> _EXERCISE AIM_
The line containing "А как ты думаешь, о" marks the end: restate word for word every line from the first line of the entries below through that one.

*** Opening of GIVEN RECORDS ***

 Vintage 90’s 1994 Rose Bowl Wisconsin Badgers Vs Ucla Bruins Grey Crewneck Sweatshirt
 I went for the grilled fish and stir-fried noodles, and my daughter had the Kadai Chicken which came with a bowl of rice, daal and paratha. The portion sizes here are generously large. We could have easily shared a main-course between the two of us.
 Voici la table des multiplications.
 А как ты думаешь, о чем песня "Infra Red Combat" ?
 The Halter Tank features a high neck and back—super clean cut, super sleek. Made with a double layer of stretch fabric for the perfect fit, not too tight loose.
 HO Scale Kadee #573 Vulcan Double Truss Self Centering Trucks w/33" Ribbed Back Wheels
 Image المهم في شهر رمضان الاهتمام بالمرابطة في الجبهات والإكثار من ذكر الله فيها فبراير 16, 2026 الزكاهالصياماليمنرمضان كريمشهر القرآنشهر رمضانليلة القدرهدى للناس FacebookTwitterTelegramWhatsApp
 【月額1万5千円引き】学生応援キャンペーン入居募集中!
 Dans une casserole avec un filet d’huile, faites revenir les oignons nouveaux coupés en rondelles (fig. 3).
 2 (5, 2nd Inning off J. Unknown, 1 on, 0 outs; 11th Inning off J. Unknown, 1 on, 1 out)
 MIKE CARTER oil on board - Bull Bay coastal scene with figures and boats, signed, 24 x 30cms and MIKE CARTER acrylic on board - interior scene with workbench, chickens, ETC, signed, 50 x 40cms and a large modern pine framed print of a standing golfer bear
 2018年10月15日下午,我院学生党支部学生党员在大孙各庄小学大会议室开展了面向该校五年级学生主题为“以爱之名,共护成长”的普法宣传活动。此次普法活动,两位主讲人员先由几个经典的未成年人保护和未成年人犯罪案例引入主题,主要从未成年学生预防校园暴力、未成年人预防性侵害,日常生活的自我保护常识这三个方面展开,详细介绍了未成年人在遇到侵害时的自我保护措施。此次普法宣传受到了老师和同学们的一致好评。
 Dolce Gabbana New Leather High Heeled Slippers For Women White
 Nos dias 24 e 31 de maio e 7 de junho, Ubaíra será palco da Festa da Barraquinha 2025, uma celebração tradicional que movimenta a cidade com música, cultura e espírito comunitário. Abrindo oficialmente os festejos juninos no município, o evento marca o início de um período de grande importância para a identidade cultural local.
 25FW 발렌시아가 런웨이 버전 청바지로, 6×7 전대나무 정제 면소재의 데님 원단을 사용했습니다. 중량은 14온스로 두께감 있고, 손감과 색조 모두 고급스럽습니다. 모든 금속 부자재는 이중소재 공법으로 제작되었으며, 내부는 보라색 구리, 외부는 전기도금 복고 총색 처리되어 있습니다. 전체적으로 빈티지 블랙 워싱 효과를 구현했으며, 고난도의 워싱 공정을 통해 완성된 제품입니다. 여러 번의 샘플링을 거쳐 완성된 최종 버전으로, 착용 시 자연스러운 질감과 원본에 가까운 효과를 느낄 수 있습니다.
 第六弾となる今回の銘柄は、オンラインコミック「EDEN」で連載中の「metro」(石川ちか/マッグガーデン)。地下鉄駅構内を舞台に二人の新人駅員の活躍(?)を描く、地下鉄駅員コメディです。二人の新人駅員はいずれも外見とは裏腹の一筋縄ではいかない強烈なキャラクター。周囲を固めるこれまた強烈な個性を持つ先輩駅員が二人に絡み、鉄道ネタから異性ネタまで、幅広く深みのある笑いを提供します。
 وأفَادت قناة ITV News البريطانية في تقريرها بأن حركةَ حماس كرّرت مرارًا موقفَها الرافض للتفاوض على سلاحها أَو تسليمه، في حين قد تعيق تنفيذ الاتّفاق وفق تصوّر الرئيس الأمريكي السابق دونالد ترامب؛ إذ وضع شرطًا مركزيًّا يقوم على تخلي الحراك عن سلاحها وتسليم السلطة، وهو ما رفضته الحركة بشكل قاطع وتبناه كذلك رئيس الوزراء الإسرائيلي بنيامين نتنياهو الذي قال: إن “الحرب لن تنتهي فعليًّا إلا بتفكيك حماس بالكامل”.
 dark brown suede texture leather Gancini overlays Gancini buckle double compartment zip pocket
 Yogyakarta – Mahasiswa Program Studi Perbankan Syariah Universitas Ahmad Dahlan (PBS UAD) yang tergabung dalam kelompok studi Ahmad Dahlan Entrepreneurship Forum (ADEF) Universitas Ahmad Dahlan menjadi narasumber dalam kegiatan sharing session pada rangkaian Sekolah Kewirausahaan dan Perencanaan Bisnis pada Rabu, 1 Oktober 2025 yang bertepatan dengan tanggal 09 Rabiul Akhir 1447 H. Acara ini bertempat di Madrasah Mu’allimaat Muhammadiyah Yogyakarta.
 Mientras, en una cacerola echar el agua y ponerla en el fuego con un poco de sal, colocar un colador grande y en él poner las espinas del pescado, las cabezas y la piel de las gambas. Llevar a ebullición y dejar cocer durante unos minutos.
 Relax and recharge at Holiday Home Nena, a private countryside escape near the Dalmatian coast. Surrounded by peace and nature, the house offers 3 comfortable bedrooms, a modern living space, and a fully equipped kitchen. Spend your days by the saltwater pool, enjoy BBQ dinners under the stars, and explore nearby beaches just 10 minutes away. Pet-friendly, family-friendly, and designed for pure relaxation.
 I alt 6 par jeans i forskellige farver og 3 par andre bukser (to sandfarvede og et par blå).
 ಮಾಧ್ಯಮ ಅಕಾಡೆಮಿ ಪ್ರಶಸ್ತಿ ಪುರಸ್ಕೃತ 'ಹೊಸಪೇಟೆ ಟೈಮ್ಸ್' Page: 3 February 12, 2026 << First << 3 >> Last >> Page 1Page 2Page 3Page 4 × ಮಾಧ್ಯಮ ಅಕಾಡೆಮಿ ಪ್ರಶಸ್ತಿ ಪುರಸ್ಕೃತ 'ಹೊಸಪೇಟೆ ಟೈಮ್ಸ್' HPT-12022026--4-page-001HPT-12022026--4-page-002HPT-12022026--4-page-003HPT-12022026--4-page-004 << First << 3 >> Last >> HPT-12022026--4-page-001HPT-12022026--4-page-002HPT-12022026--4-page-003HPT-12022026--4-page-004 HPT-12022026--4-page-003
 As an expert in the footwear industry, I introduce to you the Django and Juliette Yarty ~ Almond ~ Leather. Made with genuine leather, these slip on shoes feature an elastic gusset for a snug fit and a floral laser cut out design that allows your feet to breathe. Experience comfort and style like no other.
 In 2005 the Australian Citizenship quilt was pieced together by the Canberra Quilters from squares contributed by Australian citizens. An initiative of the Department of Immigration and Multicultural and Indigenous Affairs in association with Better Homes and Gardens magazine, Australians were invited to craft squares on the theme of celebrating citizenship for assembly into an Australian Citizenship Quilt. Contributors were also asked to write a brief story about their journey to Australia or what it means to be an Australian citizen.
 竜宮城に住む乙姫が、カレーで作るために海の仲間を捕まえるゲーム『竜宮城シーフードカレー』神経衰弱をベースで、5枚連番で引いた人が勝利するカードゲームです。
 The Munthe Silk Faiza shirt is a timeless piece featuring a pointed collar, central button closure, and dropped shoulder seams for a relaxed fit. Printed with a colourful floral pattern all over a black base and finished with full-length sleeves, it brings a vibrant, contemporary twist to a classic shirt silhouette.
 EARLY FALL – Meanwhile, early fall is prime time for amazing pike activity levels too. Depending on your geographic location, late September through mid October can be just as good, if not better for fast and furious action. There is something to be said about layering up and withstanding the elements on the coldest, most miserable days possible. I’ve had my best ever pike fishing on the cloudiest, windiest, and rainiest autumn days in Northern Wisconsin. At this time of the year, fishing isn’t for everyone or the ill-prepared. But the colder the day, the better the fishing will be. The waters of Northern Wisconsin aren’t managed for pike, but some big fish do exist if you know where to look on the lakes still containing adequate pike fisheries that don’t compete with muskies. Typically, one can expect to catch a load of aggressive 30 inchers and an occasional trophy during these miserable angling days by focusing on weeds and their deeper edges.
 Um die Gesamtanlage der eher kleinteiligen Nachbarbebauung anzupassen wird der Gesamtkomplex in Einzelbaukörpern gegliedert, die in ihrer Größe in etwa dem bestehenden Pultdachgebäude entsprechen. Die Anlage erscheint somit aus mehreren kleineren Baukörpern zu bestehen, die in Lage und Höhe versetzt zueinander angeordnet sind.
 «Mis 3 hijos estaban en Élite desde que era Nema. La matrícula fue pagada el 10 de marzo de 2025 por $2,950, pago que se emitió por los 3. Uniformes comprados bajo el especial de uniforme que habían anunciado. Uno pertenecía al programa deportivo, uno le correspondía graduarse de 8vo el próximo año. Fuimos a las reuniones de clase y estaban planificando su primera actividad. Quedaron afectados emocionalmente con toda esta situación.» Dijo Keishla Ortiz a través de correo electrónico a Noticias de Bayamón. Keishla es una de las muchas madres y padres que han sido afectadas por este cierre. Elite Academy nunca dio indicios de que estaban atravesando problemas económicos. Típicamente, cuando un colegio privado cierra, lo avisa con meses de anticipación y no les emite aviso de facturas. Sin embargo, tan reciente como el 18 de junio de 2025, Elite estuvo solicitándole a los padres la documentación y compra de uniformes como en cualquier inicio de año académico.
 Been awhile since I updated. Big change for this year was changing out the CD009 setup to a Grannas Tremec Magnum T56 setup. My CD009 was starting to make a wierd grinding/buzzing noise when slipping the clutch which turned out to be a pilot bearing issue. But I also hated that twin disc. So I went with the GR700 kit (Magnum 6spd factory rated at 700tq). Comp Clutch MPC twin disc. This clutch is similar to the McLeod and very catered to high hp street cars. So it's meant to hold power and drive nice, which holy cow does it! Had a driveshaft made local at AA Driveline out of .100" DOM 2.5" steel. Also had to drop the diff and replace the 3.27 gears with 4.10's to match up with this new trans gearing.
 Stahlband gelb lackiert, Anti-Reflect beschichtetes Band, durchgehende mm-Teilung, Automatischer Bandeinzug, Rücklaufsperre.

*** Close of GIVEN RECORDS ***

> _TASK RESPONSE_
 Vintage 90’s 1994 Rose Bowl Wisconsin Badgers Vs Ucla Bruins Grey Crewneck Sweatshirt
 I went for the grilled fish and stir-fried noodles, and my daughter had the Kadai Chicken which came with a bowl of rice, daal and paratha. The portion sizes here are generously large. We could have easily shared a main-course between the two of us.
 Voici la table des multiplications.
 А как ты думаешь, о чем песня "Infra Red Combat" ?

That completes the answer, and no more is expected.